Scientists are now able to scan, analyse and share millions of specimens online, allowing rapid identification of new species, extraction of genetic data from century‑old fungi, and tracking of flowering‑time changes worldwide.

  • Prof Alexandre Antonelli (Executive Director of Science, Kew) says the effort “barely scratches the surface” of undiscovered biodiversity.
  • Digitisation of all 7.4 million Kew specimens has been completed, contributing to a global pool of 145 million digital records.
  • AI models trained on 8 million digitised specimens detected an average shift of 2.5 days per decade in flowering times.

Quantifying the data: scale, risk and climate signals

The report quantifies the magnitude of the extinction threat and the data‑driven insights emerging from AI analysis.

  • About 40% of the 70,000 assessed plant species are at risk of extinction.
  • 330,000 assessed species remain un‑analysed, and an estimated 100,000 species have yet to be named.
  • For fungi, 90% of the estimated 2 million species are still unknown, with less than 1% assessed for risk.

Why AI matters for the global biodiversity crisis

AI accelerates identification of hard‑to‑spot taxa such as sedges and peat mosses, often outperforming specialists, and unlocks genetic information from specimens up to 180 years old—turning historic collections into a “genomic goldmine”. The technology also democratises access to collections in biodiversity hotspots like Madagascar, where digitising 37,000 specimens revealed centuries‑long ecological data.

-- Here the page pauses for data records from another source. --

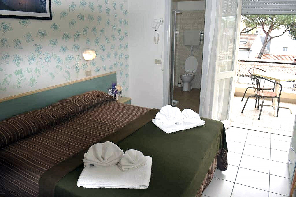 pokoj s manželskou postelí či 2 samostatnými lůžky, 3. a 4. lůžko formou přistýlky či palandy, sociální zařízení se sprchou, balkon
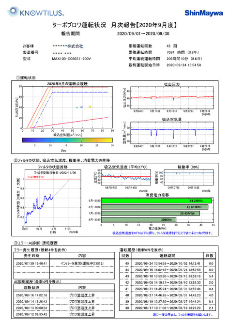 当社が2019年9月1日に発売したターボブロワ専用の遠隔監視サービス "KNOWTILUS" は、ターボブロワ本体に表示される運転画面を手元のパソコンやスマートフォンに表示させ、遠隔からの状態監視を可能にするもので、警報やエラー発生時は、関係者にエラー内容と対処方法を自動的にメール通知する機能を有し、早期発見によるダウンタイム短縮化が図れると好評を得ています。ターボブロワ向けでは初となるAI※1を活用した運転データの分析により、トレンドデータに基づきエラーの原因を推測できることが最大の特長で、懸案となっている設備管理業務の支援や予防保全による安定稼働を実現してきました。
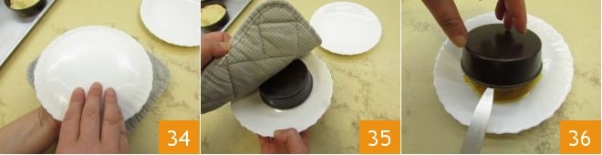 und legen Sie einen Teller darauf 34, drehen Sie die Form um 35 und lassen Sie die Tatins auf den Teller gleiten: falls nötig, lösen Sie die Tatins vorsichtig mit der Messerspitze 36.
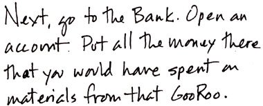next, go to the bank. open an account. put all the money ou would have spent on materials from that GooRoo. Spend that money on things that make your heart sing!

What the next decade could hold for AI‑enabled conservation

Future progress hinges on expanding digitised coverage (currently under 16% of global herbarium holdings), curbing the energy footprint of AI datacentres (which now consume about 6% of electricity in the UK and US), and addressing bias by diversifying source data. Partnerships between tech firms, environmental NGOs, and governments will be essential to fund and guide the next wave of AI‑powered biodiversity research.